SIP Privacy Extensions
This section explains how you can configure privacy services to be applied only when the source is trusted and the destination is considered untrusted. (Prior to this release, the Oracle Communications Session Border Controller always applied the privacy services, unless the source and the destination were both trusted.)
The Oracle Communications Session Border Controller considers all user endpoints and nodes outside the core as untrusted.
The Oracle Communications Session Border Controller acts as the boundary device between the trusted platform and the untrusted Internet, to implement privacy requirements. When it receives a message, the Oracle Communications Session Border Controller checks whether the source is trusted. It evaluates the level of privacy requested in a Privacy header, if present.
Depending on whether the source is trusted or untrusted, the Oracle Communications Session Border Controller can do different things when passing the message to the outgoing side. It also checks whether the destination is trusted.
Privacy Types Supported
The Oracle Communications Session Border Controller supports the following Privacy types:
- user: user-level privacy function provided. Any non-essential informational headers are removed, including the Subject, Call-Info, Organization, User-Agent, Reply-To, and In-Reply-To. Possibly the original value of the From header is changed to anonymous.
- header: headers that cannot be set arbitrarily by the user (Contact/Via) are modified. No unnecessary headers that might reveal personal information about the originator of the request are added. (The values modified must be recoverable when further messages in the dialog need to be routed to the originator.)
- id: third-party asserted identity kept private with respect to SIP entities outside the trust domain with which the user authenticated.
The following SIP headers can directly or indirectly reveal identity information about the originator of a message: From, Contact, Reply-To, Via, Call-Info, User-Agent, Organization, Server, Subject, Call-ID, In-Reply-To and Warning.
user
The Oracle Communications Session Border Controller supports the Privacy type user. It can remove non-essential information headers that reveal user information by:
- Setting the SIP From header and display information to anonymous
- Removing the Privacy header
- Removing Proxy-Require option tag = privacy (if present)
- Removing the following headers:
Subject
Call-Info
Organization
User-Agent
Reply-To
In-Reply-To
header
The Oracle Communications Session Border Controller also supports the Privacy type header. It modifies SIP headers that might reveal the user identity by:
- Stripping the Via header
- Replacing the Contact header
- Stripping Record-Route
- Removing the Privacy header
- Removing Proxy-Require option tag = privacy (if present)

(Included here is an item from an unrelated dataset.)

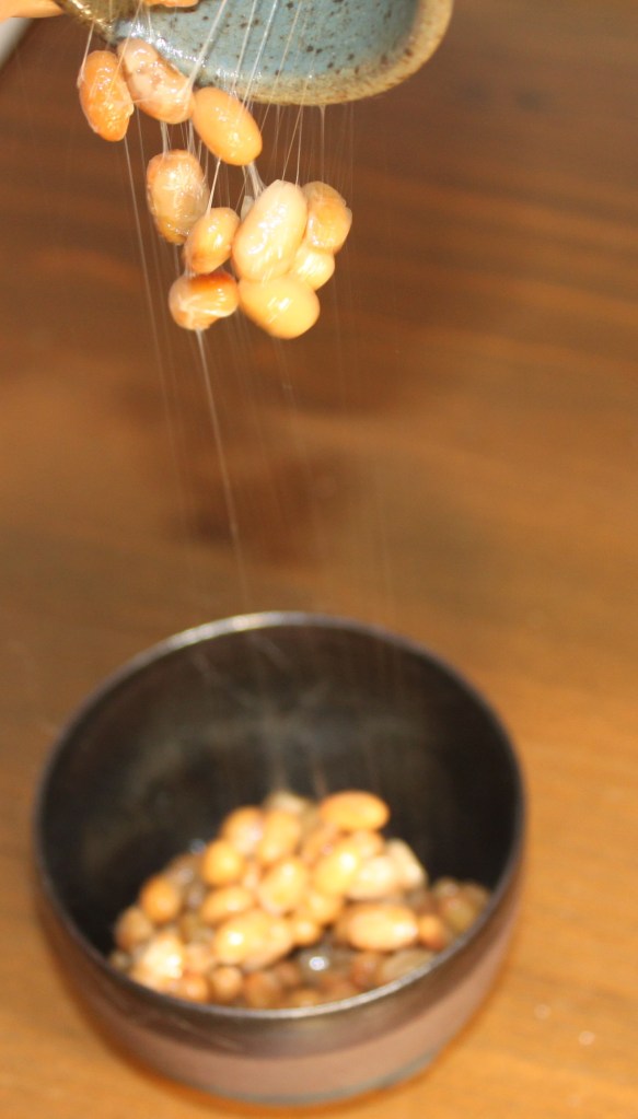 Le natto est un aliment sain et goûteux. Étant à base de fèves de soya, il est naturellement riche en fibres et en protéines végétales. Les fèves de soya sont transformées en natto par l’action de bacillus subtilis natto. Le petit biofilm blanc qui entoure les fèves contient une grande quantité de nutriments, dont la vitamine K2 et la nattokinase.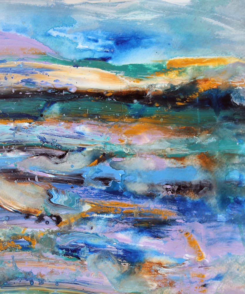 “Molokai” beautifully captures the essence of an abstract landscape with its vibrant and dynamic color palette. The layers of blue and turquoise evoke the serene waters surrounding the island, while the splashes of yellow and orange bring to mind the warmth of the sun and the lush tropical environment. The broad strokes and fluid movement in the painting create a sense of depth and energy, inviting viewers to immerse themselves in the tranquil yet lively atmosphere of Molokai.

In general, the B2BUA behavior of the Oracle Communications Session Border Controller by default provides header privacy for all sessions.
id
The Oracle Communications Session Border Controller also supports the Privacy type id. It keeps the Network Asserted Identity private from SIP entities outside the trusted domain by:
- Stripping only P-Asserted-Identity
- Removing the Privacy header and Proxy-Require option-tag = privacy
- Setting the From header to anonymous (for the backward compatibility)
Examples
The following examples show the actions the Oracle Communications Session Border Controller performs depending on the source and target of the calls.
Calls from Untrusted Source to Trusted Target
When calls are from an untrusted source to a trusted target and PPI is included in the INVITE sent to IP border elements, the Oracle Communications Session Border Controller maps the PPI information to PAI in the outgoing INVITE to the trusted side (even if the Privacy header is set to id or to none). The Privacy and From headers get passed on unchanged.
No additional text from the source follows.